* _GOAL OF THE EXERCISE_:
Give again, unaltered, the lines of the listing below that run from the line having "Активный тест (двунаправленный" through the line having "Fire strike set".

* _EXTRACTED RECORDS_:

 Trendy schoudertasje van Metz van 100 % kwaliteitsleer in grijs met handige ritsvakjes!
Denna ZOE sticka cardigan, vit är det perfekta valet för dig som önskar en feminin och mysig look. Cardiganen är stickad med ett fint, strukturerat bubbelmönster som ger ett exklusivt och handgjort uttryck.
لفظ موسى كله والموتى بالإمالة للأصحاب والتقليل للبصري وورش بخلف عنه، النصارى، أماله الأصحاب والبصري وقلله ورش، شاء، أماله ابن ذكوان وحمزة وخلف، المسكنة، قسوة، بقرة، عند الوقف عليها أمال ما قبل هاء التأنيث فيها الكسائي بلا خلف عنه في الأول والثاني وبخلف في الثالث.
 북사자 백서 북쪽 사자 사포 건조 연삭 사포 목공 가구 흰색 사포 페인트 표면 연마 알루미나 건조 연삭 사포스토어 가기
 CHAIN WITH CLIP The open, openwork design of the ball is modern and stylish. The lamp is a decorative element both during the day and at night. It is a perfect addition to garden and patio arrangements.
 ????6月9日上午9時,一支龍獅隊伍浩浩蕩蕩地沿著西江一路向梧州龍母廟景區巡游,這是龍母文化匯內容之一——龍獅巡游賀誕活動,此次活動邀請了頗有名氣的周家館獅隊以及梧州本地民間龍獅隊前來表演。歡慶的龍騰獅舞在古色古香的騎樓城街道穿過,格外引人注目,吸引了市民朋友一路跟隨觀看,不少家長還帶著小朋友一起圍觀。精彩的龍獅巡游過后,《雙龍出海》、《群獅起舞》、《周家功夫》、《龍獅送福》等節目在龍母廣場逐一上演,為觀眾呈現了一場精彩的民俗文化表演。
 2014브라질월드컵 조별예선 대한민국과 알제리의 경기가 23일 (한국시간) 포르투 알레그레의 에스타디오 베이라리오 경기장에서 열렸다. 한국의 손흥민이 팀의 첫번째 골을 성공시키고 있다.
==
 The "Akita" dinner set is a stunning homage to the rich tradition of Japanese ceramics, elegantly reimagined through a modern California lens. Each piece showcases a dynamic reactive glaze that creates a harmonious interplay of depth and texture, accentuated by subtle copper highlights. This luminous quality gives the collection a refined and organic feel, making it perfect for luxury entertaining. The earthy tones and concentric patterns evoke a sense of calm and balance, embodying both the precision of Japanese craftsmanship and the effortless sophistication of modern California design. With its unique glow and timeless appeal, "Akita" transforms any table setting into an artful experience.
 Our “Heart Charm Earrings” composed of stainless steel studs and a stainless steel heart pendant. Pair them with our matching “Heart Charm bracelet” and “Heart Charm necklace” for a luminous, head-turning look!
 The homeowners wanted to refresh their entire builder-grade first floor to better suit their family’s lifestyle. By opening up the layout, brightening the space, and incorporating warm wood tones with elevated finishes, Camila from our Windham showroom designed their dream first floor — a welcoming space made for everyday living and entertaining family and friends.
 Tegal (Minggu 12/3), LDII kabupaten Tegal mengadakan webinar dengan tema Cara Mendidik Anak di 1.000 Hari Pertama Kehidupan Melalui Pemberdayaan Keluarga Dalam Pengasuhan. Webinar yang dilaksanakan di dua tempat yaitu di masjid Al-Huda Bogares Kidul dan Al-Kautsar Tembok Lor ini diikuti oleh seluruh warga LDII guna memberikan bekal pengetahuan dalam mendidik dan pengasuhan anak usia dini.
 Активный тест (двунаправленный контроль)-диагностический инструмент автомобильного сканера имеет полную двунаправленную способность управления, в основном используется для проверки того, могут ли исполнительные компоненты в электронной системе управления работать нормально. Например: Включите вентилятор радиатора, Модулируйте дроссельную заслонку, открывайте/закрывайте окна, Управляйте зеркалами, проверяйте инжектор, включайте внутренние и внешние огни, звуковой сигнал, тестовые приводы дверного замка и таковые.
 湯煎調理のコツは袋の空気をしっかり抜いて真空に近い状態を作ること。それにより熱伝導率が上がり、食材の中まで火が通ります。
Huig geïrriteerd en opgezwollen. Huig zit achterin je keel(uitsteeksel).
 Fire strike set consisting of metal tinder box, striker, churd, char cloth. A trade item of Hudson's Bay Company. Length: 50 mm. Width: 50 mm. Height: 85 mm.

* _EXERCISE RESPONSE_:
 Активный тест (двунаправленный контроль)-диагностический инструмент автомобильного сканера имеет полную двунаправленную способность управления, в основном используется для проверки того, могут ли исполнительные компоненты в электронной системе управления работать нормально. Например: Включите вентилятор радиатора, Модулируйте дроссельную заслонку, открывайте/закрывайте окна, Управляйте зеркалами, проверяйте инжектор, включайте внутренние и внешние огни, звуковой сигнал, тестовые приводы дверного замка и таковые.
 湯煎調理のコツは袋の空気をしっかり抜いて真空に近い状態を作ること。それにより熱伝導率が上がり、食材の中まで火が通ります。
Huig geïrriteerd en opgezwollen. Huig zit achterin je keel(uitsteeksel).
 Fire strike set consisting of metal tinder box, striker, churd, char cloth. A trade item of Hudson's Bay Company. Length: 50 mm. Width: 50 mm. Height: 85 mm.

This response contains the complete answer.